Of course, what we can do is solve the first-order linear equation in $t$ (7)

$$ B_t = a(t)B-1. $$

With the usual primitive functions:

$$ \alpha'(t) = a(t), \; \; \beta'(t) = -{\rm e}^{-\alpha(t)}, $$

the general solution to equation (7) is

$$ B(t,T) = c(T){\rm e}^{\alpha(t)} + {\rm e}^{\alpha(t)}\beta(t), $$

with $c(T)$ arbitrary function of $T$.

As $B(T,T)=0$, we must have:

$$c (T)= -\beta(T).$$

So:

$$ B(t,T) = -{\rm e}^{\alpha(t)} \left(\beta(T) - \beta(t)\right).$$

We can then easily check that this solution respects (13):

$$ B(0,T) = -{\rm e}^{\alpha(0)} \left(\beta(T) - \beta(0)\right) $$

$$ B(0,t) = -{\rm e}^{\alpha(0)} \left(\beta(t) - \beta(0)\right) $$

$$\partial B(0,t)/\partial t = -{\rm e}^{\alpha(0)}\beta'(t) = {\rm e}^{\alpha(0)} {\rm e}^{-\alpha(t)}$$

Edit: Note that (11) can be written as:

$$ (B_T)_t =\frac{1-B_t}{B}B_T $$ which is equivalent to $$ (\ln B_T)_t = \frac{1-B_t}{B}. $$

At this point we need to remember from (7) that the right hand side is a function of $t$ only, $a(t)$, otherwise it's getting cumbersome to progress from here.
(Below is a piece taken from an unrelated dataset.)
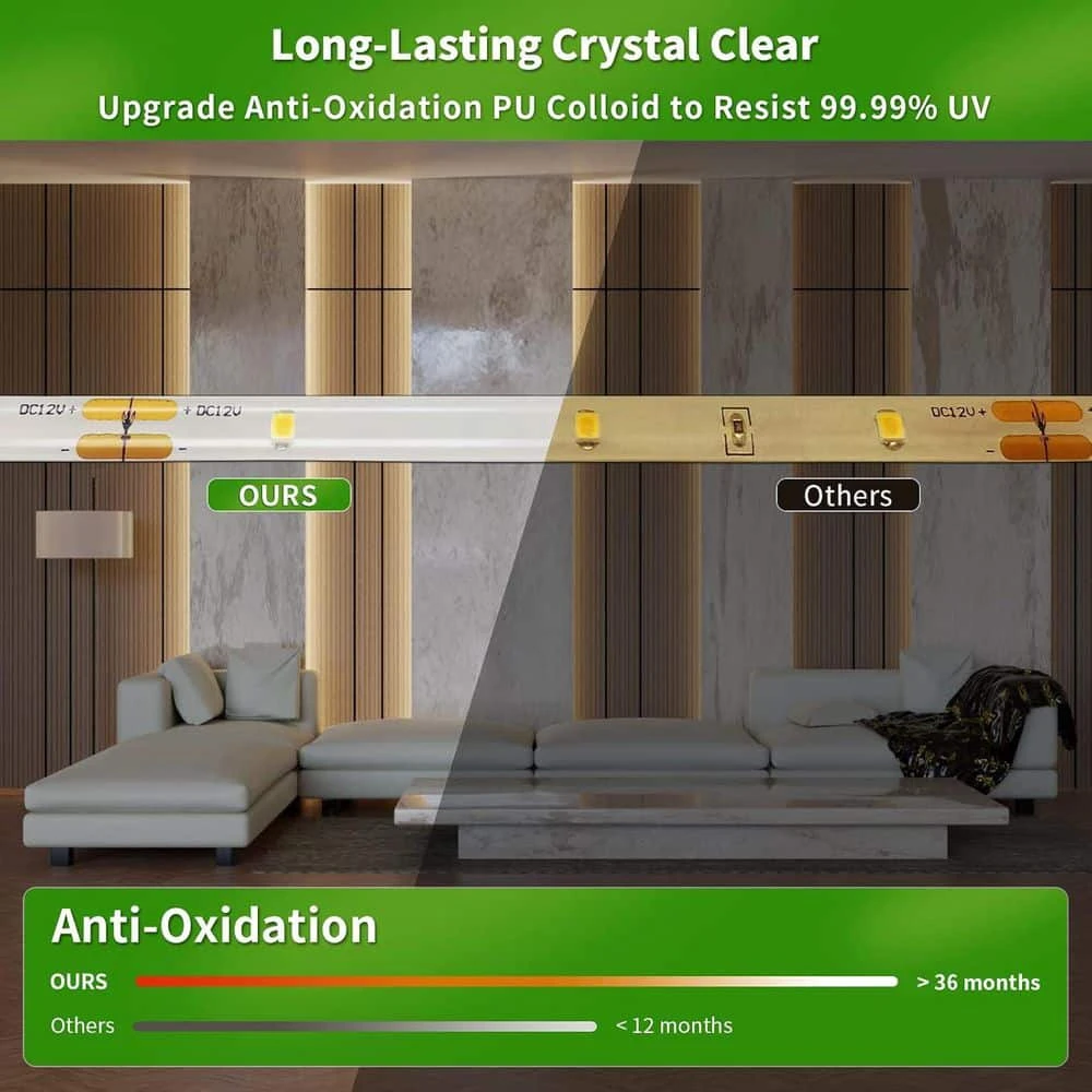 - LED strips are low-carbon and emit no radiation, flicker, or pollution, ensuring they are both eco-friendly and safe to use, made with high-quality flexible pcb and leds, they offer a stable, safe solution that’s good for both you and the environment

The solution is $$ B_T = {\rm e}^{\alpha (t) + \gamma (T)} $$ for $ \gamma (T)$ an arbitrary function of $T$. Integrating wrt to $T$, we get:

$$ B(t,T) = {\rm e}^{\alpha (t)} (\Gamma (T) + \eta (t)) $$ for $ \eta (t)$ an arbitrary function of $t$ and $\Gamma^\prime = {\rm e}^{\gamma}$.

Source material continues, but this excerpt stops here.